— Умереть было бы ужасно большим приключением. — Сказал он с улыбкой на губах.
— Нет, Гарри. Жить было бы ужасно большим приключением. — Произнесла Аделаида и оставила легкий поцелуй на его сердце.
— Какое твое любимое время года? — Спросил он ее.
— Осень, потому что она делает мир золотым. — Ответила она. — Почему ты задаешь мне все эти вопросы? — Спросила девушка, снова положив голову ему на грудь.

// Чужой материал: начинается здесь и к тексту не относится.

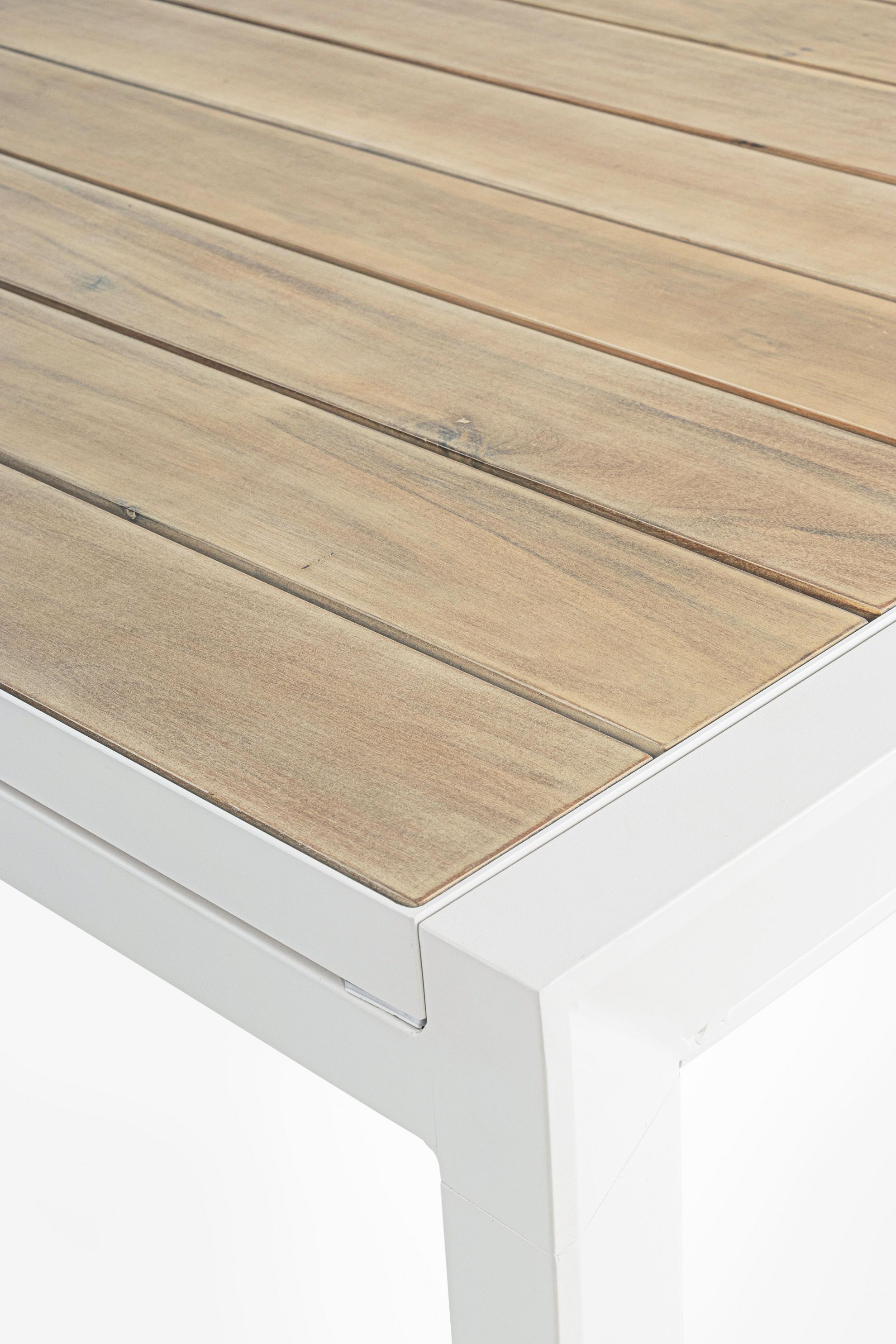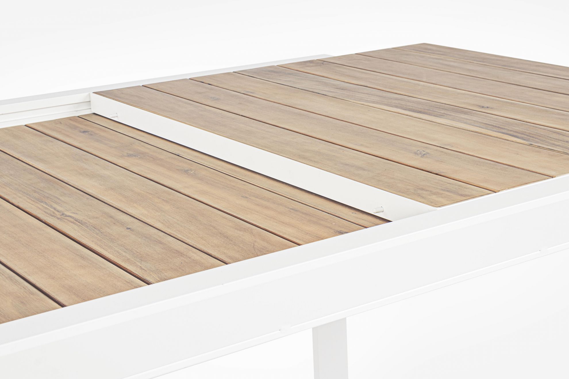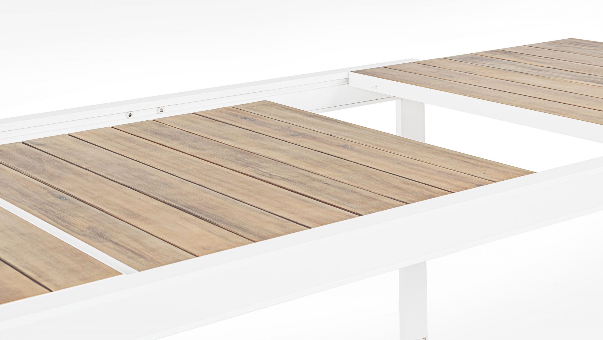 Masa extensibila pentru exterior cu stuctura din aluminiu si blat din lemn de acacia.
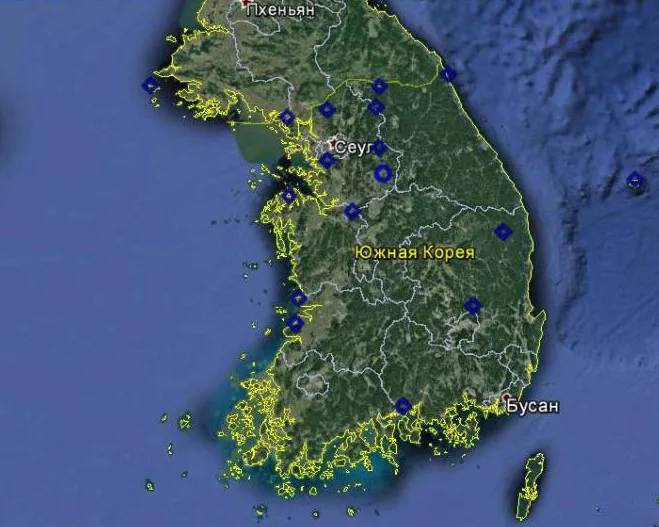 Схема размещения стационарных радиолокационных постов на территории Республики Корея
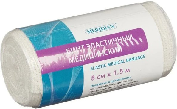 Бинт медицинский эластичный “Меридиан” Произведен из натурального сырья, гипоаллергенный, края аккуратно обработаны, имеет две удобные клипсы для фиксации, товар запаян в термоусадочную пленку

Гарри чувствовал, как ее ресницы трепещут на его коже, когда моргает. Это было похоже на бабочку, машущую крылышками.
— Потому что я чувствую, что знаю тебя лучше, чем кто-либо другой на этой земле, но если бы кто-то спросил меня, какой у тебя любимый цвет, я бы не смог ответь. — Сказал он. — И тогда я вдруг почувствовал бы, что совсем не знаю тебя. А я никогда не хочу чувствовать себя так
— Гарри, ты должен понять, что есть разница между знанием кого-то и знанием каких-то вещей об этом человеке. Когда ты знаешь чей-то любимый цвет или любимый фильм, то ты знаешь о каких-то вещах. Но когда ты знаешь, как кто-то выглядит, когда спит, или то, как загораются глаза этого человека, когда он говорит о том, что любит, ты знаешь их самих. Но ты также должен понимать, что ты никогда не узнаешь кого-то, а все сто процентов и, хотя ты можешь меня видеть под одним углом, то другой человек видит под другим. Но это не значит, что один знает меня лучше, чем другой.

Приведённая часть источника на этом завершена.